When we get to the conceptual model in the next phase (section 2.3), we codify the functionality as access patterns. Later, we test our logical model (section 2.5) to see if it can provide the described functionality, or put another way, support the identified access patterns. The final use of functionality is in the actual implementation, when we build the queries for the system in chapter 5. The definition work we do in this step becomes the bedrock on which we build our application. In slightly more practical and graph-oriented terms, functionality definitions lead directly to the edges we define in our logical model and, likely, some of the properties for the edges as well. Let’s look at a few functionality questions for our use case.
How are people going to use the system?
Users create friendships with people they know, provide reviews, rate restaurants, and read and rate reviews submitted by their friends.
What questions does DiningByFriends need to answer for the user?
These questions about functionality fill in the details of how a user is going to interact with the system:
What restaurant near me with a specific cuisine is the highest rated?
Which restaurants are the ten highest-rated restaurants near me?
Based on my friends’ review ratings, what are the best restaurants for me?
What restaurants have my friends reviewed or rated in the past X days?
We now know what our users are going to do with the app and also what they are going to ask of it. In other words, this is a first pass at our queries using natural language. (Remember that this process is done with the business or end user and should be completely understandable by them.) As we mentioned at the top of this section, gaining this understanding of this information ensures that we model our data in a way that matches the users’ desired access patterns.
The second step in our modeling process is to develop the conceptual or whiteboard model.

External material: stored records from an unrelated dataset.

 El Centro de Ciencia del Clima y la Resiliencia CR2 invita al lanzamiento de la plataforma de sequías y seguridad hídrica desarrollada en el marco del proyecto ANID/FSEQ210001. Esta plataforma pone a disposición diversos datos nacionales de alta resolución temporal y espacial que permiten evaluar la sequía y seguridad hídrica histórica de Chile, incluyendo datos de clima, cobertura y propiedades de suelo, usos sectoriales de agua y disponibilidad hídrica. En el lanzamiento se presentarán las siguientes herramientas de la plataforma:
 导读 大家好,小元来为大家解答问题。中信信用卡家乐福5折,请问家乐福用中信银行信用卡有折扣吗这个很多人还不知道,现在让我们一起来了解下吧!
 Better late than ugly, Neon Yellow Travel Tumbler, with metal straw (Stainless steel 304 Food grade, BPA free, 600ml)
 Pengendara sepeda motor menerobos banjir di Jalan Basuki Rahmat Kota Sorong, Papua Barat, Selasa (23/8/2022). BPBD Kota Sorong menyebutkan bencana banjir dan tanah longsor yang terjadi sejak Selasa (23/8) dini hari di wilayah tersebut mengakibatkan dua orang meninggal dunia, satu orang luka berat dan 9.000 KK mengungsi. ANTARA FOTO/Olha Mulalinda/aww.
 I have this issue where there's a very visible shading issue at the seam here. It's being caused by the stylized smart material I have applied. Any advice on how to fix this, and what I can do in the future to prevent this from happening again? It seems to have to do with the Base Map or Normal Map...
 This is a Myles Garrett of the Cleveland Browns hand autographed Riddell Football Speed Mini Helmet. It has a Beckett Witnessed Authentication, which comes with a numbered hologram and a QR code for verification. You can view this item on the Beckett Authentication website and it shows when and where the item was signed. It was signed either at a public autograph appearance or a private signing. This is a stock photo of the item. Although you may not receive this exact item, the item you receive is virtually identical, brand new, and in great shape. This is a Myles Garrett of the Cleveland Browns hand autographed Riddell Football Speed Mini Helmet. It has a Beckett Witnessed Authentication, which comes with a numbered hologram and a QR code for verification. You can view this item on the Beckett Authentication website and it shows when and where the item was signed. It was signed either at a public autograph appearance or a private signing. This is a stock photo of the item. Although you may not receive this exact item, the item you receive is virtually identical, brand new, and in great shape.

We need to get a high-level diagram of what the schema for DiningByFriends looks like from a business perspective. This is our first tangible picture of the system, and it must be driven by the business view of the problem.
As builders, it is in our nature to solve problems, usually right away. But it is vital to take time to understand and define the business perspective of a domain. This accelerates our development process in the long run. Isolating what is most important to the business is crucial to making informed decisions and preventing unnecessary complexity and excessive rework.
We develop our conceptual data model by first extracting the entities in our domain. As you’ll recall, entities refer to the things in our application domain and represent either physical items, such as people and places, or logical items, such as reviews and ratings.
Tip Start by looking for the nouns.
Once we locate the entities, we need to identify items that can be easily grouped into a single entity. When making these groupings, it pays to listen to the way business and other non-technical users discuss the problem. These users live this problem almost daily; if they use nouns interchangeably, signaling that the nouns are synonyms, then it is likely these can be combined into a single entity. For example, if we are working on an internal application and the business users mention user, employee, or client interchangeably, then we could probably group these nouns into a single entity within our conceptual model.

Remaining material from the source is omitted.